Task objective
With pictures left out, output exactly the lines from the line holding "14、待奶锅中面粉牛奶融液冷却后加入蛋黄液,搅拌均匀;" through the end of the data, both included.

Start of Material provided

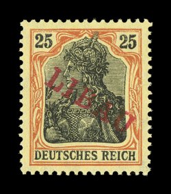 BPP (Michel 5Bb Ç600).#1N5, 1919 25pf Orange and black with red "LIBAU" overprint, extraordinarily well centered, bright and fresh, o.g., lightly hinged, very fine; only 300 printed; signed Hochstadter BPP (Michel #5Bb; €600). (Image) $375.00
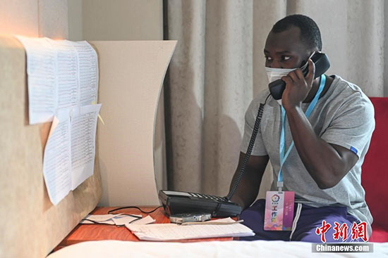 Le 18 avril, dans l'h?tel international, le siège de la cité des sciences de Guangzhou dans l'arrondissement de Huangpu à Guangzhou dans la province du Guangdong, le bénévole Rufino Eugenio Guilherme appelle les étrangers mis en quarantaine dans cet h?tel pour savoir s'ils vont bien. Rufino Eugenio Guilherme, 26 ans, d'origine angolaise, fait ses études en 4e année de Licence à l'Université de technologie du Sud de la Chine. Photo par Chen Jimin, journaliste de China News Service
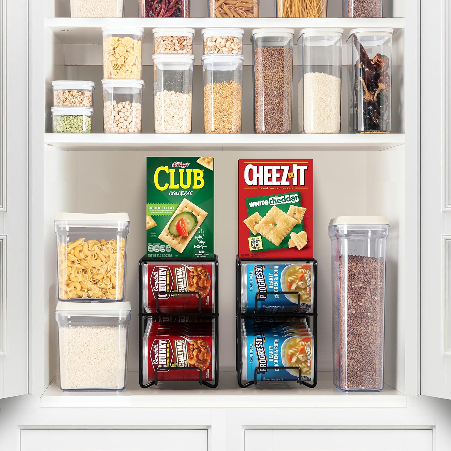 - Sorbus Fridge Can Dispenser (2 Pack, Black): This soda can dispenser for refrigerator holds up to 12 standard 12 oz soda cans, making it easy to access and dispense your favorite beverages. Can rack features a convenient top shelf for additional storage. Organizer also works great for storing small food cans and other pantry items.
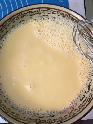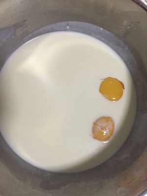 14、待奶锅中面粉牛奶融液冷却后加入蛋黄液,搅拌均匀;
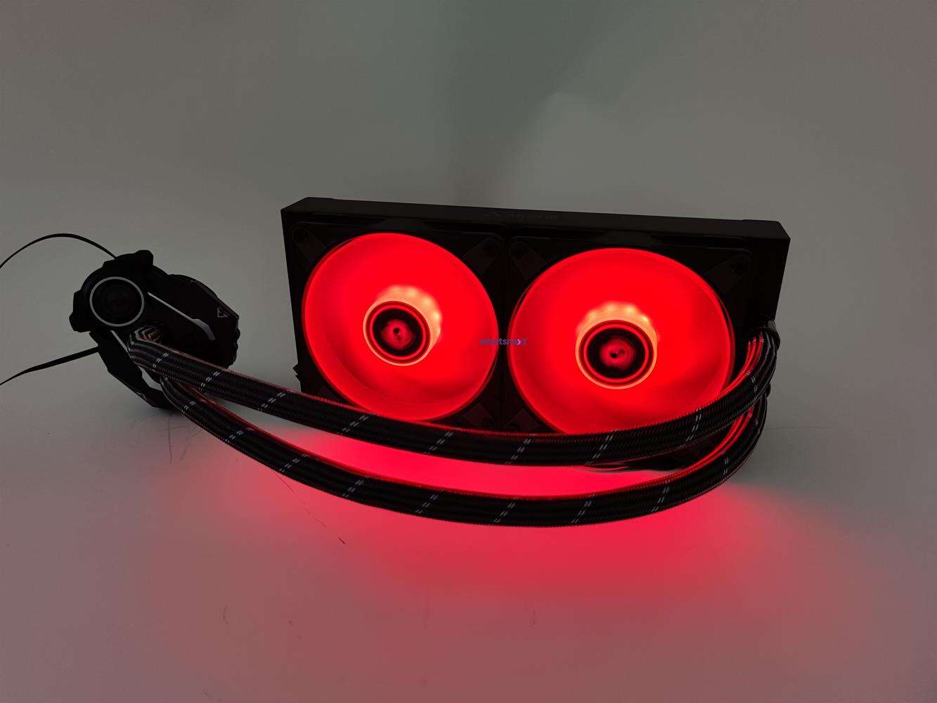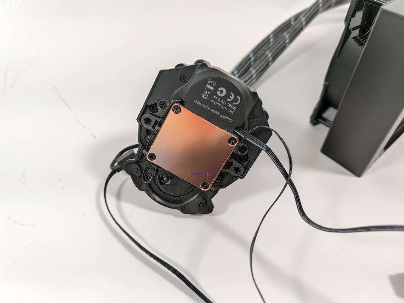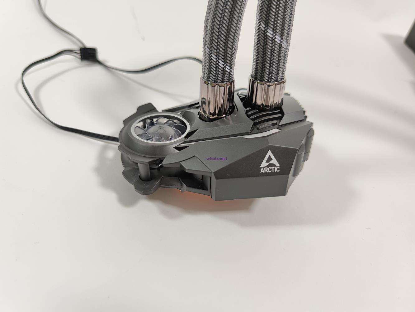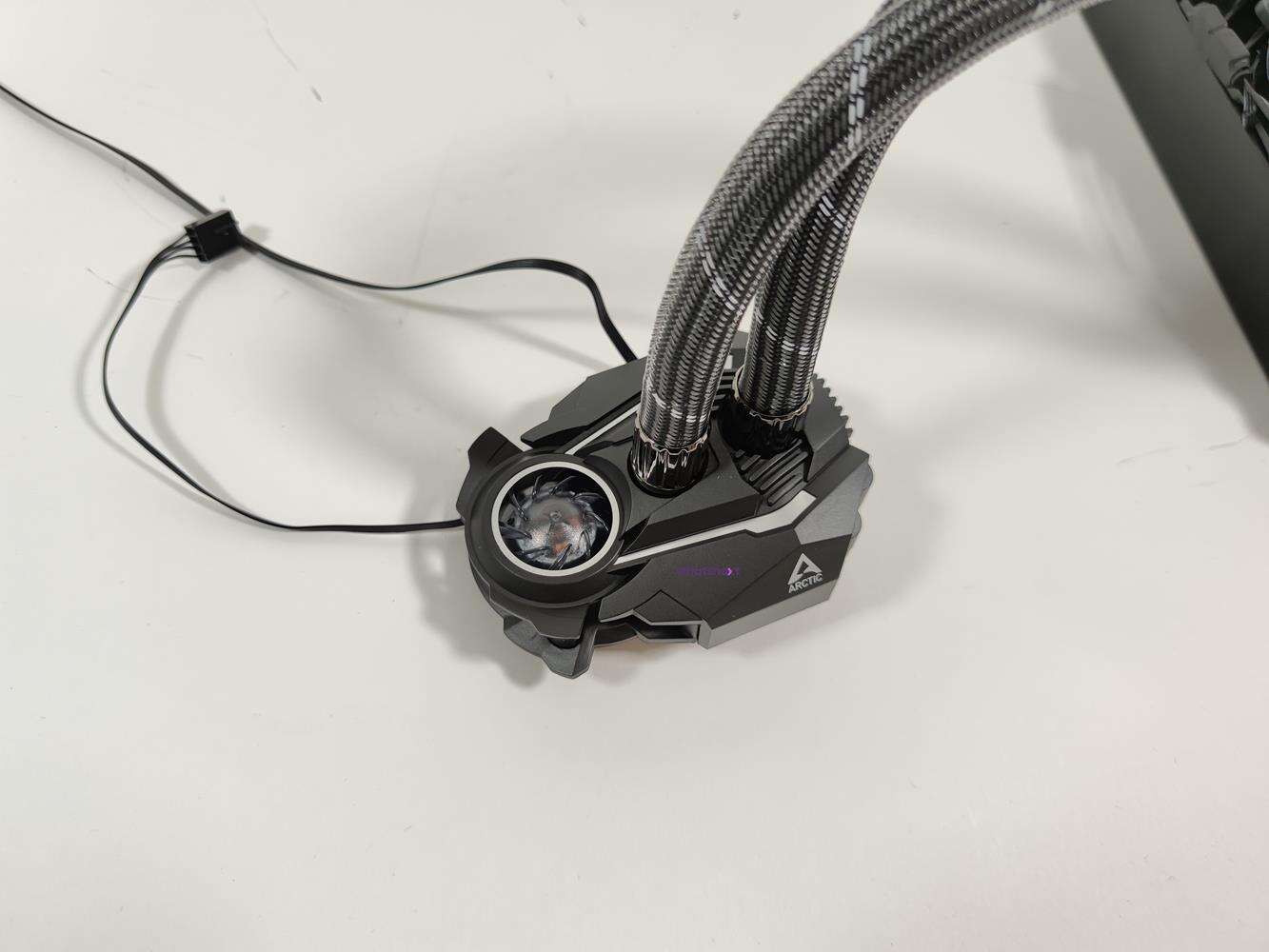 Z chłodnicy wychodzą dwa węże o długości 450 mm i zewnętrznej średnicy równej 12,4 mm. Są one dosyć elastyczne i łączą się z blokopompką od góry. Dzięki temu nie powinno być żadnych problemów z ich ułożeniem w obudowie. Sama blokopompka ma miedzianą podstawkę. Znajduję się tutaj takżę 40 mm wentylator, którego celem jest schłodzenie sekcji zasilania płyty. Jego maksymalne obroty to 3000 RPM. Sama pompka pracuje z prędkością do 2000 RPM. Z blokopompki wychodzą dwa kable – 4 pin PWM oraz 4 pin RGB (męski + żeński). Co ciekawe całość podłączamy tylko tymi złączami do płyty głównej – wentylatory również są pod to podłączone i wszystko jest ze sobą zsynchronizowane.
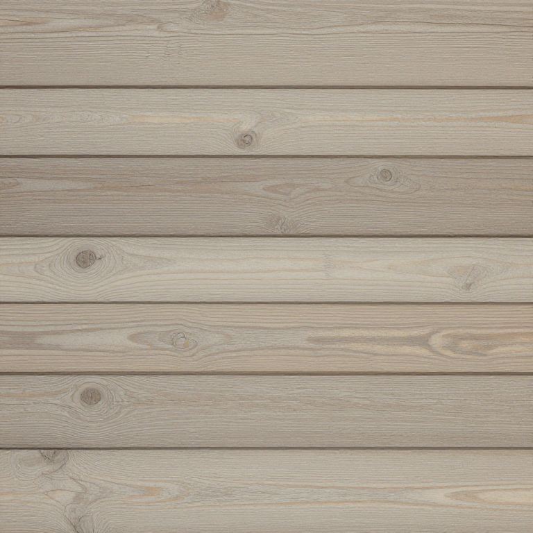 Photograph of weathered, light gray wooden planks with visible grain, knots, and subtle pinkish hues, arranged horizontally.
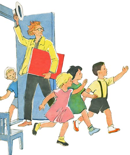 — Здравствуйте, товарищ Хитрюшкин. Мы только что закончили работу. Мы исправляли ваши ошибки. Теперь на каждой картинке сделана правильная надпись. Можете посмотреть.
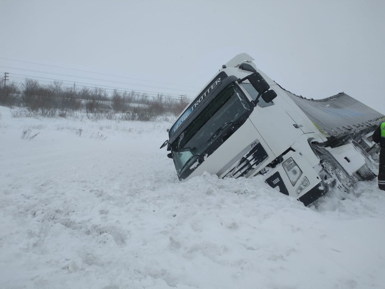 Мужчина собрался сделать остановку на обочине для отдыха, но из-за сильного бокового ветра тяжелая машина съехала в кювет и опрокинулась на правый бок.

End of Material provided

Response
 14、待奶锅中面粉牛奶融液冷却后加入蛋黄液,搅拌均匀;
 Z chłodnicy wychodzą dwa węże o długości 450 mm i zewnętrznej średnicy równej 12,4 mm. Są one dosyć elastyczne i łączą się z blokopompką od góry. Dzięki temu nie powinno być żadnych problemów z ich ułożeniem w obudowie. Sama blokopompka ma miedzianą podstawkę. Znajduję się tutaj takżę 40 mm wentylator, którego celem jest schłodzenie sekcji zasilania płyty. Jego maksymalne obroty to 3000 RPM. Sama pompka pracuje z prędkością do 2000 RPM. Z blokopompki wychodzą dwa kable – 4 pin PWM oraz 4 pin RGB (męski + żeński). Co ciekawe całość podłączamy tylko tymi złączami do płyty głównej – wentylatory również są pod to podłączone i wszystko jest ze sobą zsynchronizowane.
 Photograph of weathered, light gray wooden planks with visible grain, knots, and subtle pinkish hues, arranged horizontally.
 — Здравствуйте, товарищ Хитрюшкин. Мы только что закончили работу. Мы исправляли ваши ошибки. Теперь на каждой картинке сделана правильная надпись. Можете посмотреть.
 Мужчина собрался сделать остановку на обочине для отдыха, но из-за сильного бокового ветра тяжелая машина съехала в кювет и опрокинулась на правый бок.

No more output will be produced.